**What this task involves:** Please, starting at the line that contains "- From the Audit", reproduce every line exactly until the records run out, skipping all pictures.

Records from a dataset

=== Section Start ===

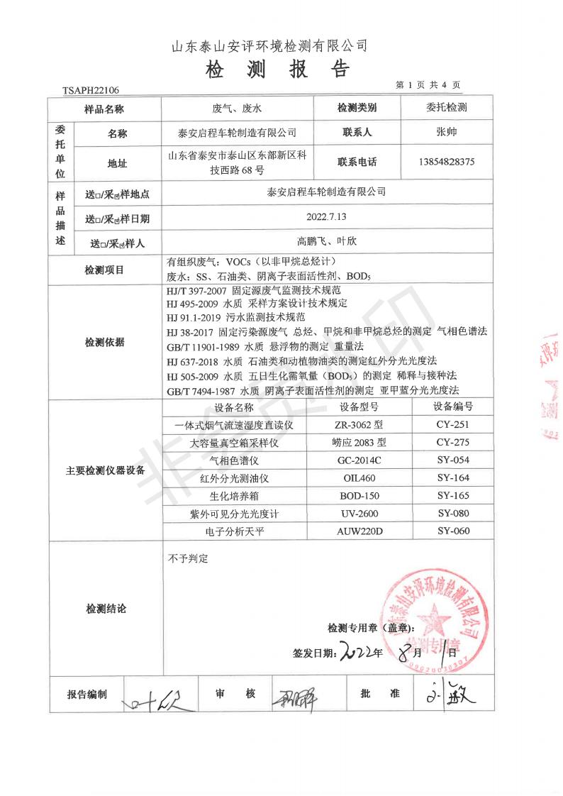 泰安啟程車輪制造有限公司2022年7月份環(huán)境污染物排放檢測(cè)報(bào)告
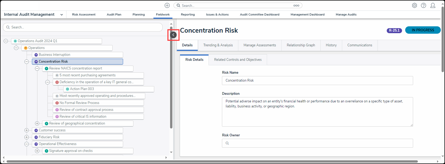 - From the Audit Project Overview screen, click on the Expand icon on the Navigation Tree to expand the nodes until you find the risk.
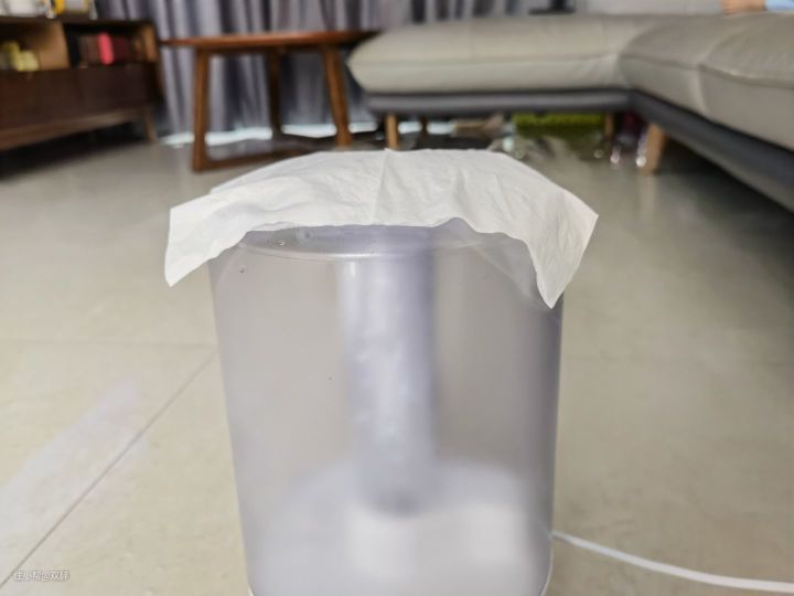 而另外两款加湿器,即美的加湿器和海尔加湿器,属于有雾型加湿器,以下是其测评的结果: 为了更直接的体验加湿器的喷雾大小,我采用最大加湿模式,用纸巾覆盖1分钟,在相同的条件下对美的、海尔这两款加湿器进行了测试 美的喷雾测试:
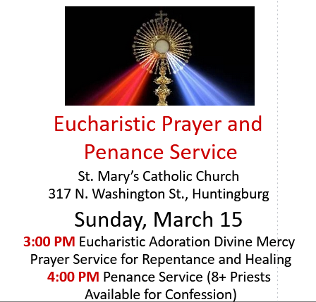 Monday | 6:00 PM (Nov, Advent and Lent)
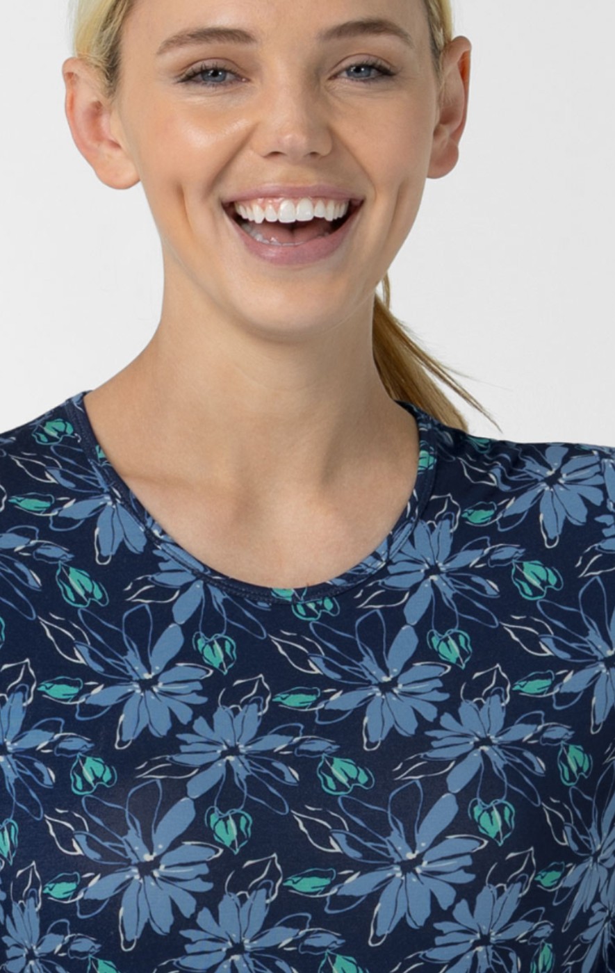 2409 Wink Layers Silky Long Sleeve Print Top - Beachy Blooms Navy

=== Section End ===

**Result of the task:**
 - From the Audit Project Overview screen, click on the Expand icon on the Navigation Tree to expand the nodes until you find the risk.
 而另外两款加湿器,即美的加湿器和海尔加湿器,属于有雾型加湿器,以下是其测评的结果: 为了更直接的体验加湿器的喷雾大小,我采用最大加湿模式,用纸巾覆盖1分钟,在相同的条件下对美的、海尔这两款加湿器进行了测试 美的喷雾测试:
 Monday | 6:00 PM (Nov, Advent and Lent)
 2409 Wink Layers Silky Long Sleeve Print Top - Beachy Blooms Navy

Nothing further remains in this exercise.